Gracias, Hilario J. Rodríguez.
Anónimo
Me llamo Rosa y leo vuestro blog casi desde que apareció. Quería deciros que casi siempre me gusta y que hoy me ha gustado especialmente.
Un saludo.
He leído este libro. Lo recomiendo.
Chusé
Estupenda recomendación. Muy buenos textos.
Jaime Recamar
Seguid así, lo estáis haciendo muy bien.
Cristal Oscuro
Me quito el sombrero ante Hilario J. Rodríguez. La reseña es espléndida.
Dos grandes textos.
Mari Carmen
Pregunta para alguno de los reseñistas: ¿qué lugar ocupa Joan Didion en las letras norteamericanas?
Hilario, dices que el marido también era escritor. ¿Has leído algo suyo? ¿Vale la pena?
Hugo Sierra
Unas reseñas increíbles, sobre todo la de Hilario.
Un saludo.
Bego
Me ha emocionado mucho el último texto sobre este libro. Me lo compro mañana mismo.
Thea
Increíbles reseñas, en especial la de Ruiz Villagordo.
Hilario es un monstruo. Sus reseñas, aquí, y sus artículos en todas partes, son de lo mejor que te puedes echar a la boca. Un eso fuerte y a seguir así.
¿Qué fue de Joan Didion después de la muerte de su hija?
El curioso de turno
Queridos amigos:
Ante todo, perdonad por la tardanza en contestar,pero he estado en otra galaxia, atendiendo a las mil cosas que siempre tengo pendientes.
Muchas gracias a Guillermo Ruiz Villagordo por su maravillosa reseña. Gracias también a todos los que habéis enviado muestras de ánimo y gratitud, que repartirmos entre Guillermo y yo, sin olvidarnos del resto de compañeros que hacen posible este blog.

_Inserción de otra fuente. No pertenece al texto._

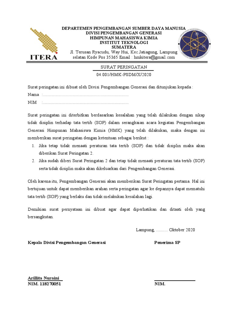 Surat peringatan ini dibuat oleh Divisi Pengembangan Generasi dan ditunjukan kepada :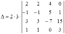 Решение. Вынесем за знак определителя общий множитель 2 из первого столбца, а из второго столбца вынесем множитель 3:

Y un pequeño comentario para Hugo Sierra: Joan Didion es una escritora algo incómoda en las letras norteamericanas, no tanto por la calidad de su obra como por su autoridad intelectual, que siempre ha sido tan cuestionada como ahora lo es Hillary Clinton con respecto a su posible candidatura para las presidenciales (crucemos los dedos para que consiga el apoyo de su partido).
Joan Didion es, un poco, un producto de los sesenta, cuando escritores como Norman Mailer o Gore Vidal entraron con su obra en cuestiones relacionadas con la vida pública o con la política. Y, por desgracia, su obra se ha visto afectada por las deudas que ha ido adquiriendo con determinados momentos hoy ya olvidados (como las novelas en las que ella los recreó).
En cuanto al marido de Joan Didion, sólo sé que ha escrito novelas, ensayos y guiones, pero no he leído nada. Sé, eso sí, que era una de esas personas de inteligencia funcional, capaz de escribirte sobre la Guerra Civil o sobre los polvorones de la Estepa sin despeinarse y con más rigor que vigor, con más conocimiento que inteligencia, con más información que sabiduría... Quizás deberíamos darle una oportunidad para corroborar todo esto.
Un saludo a todos.
Hilario J. Rodríguez
Eres un flecha, Hilario.
Gracias por tu respuesta; ya me extrañaba que no te dignases dar siquiera signos de vida.
Si leo algo de Gregory, te dejo un comentario cuando saques alguna reseña nueva (pronto, ¿vale?).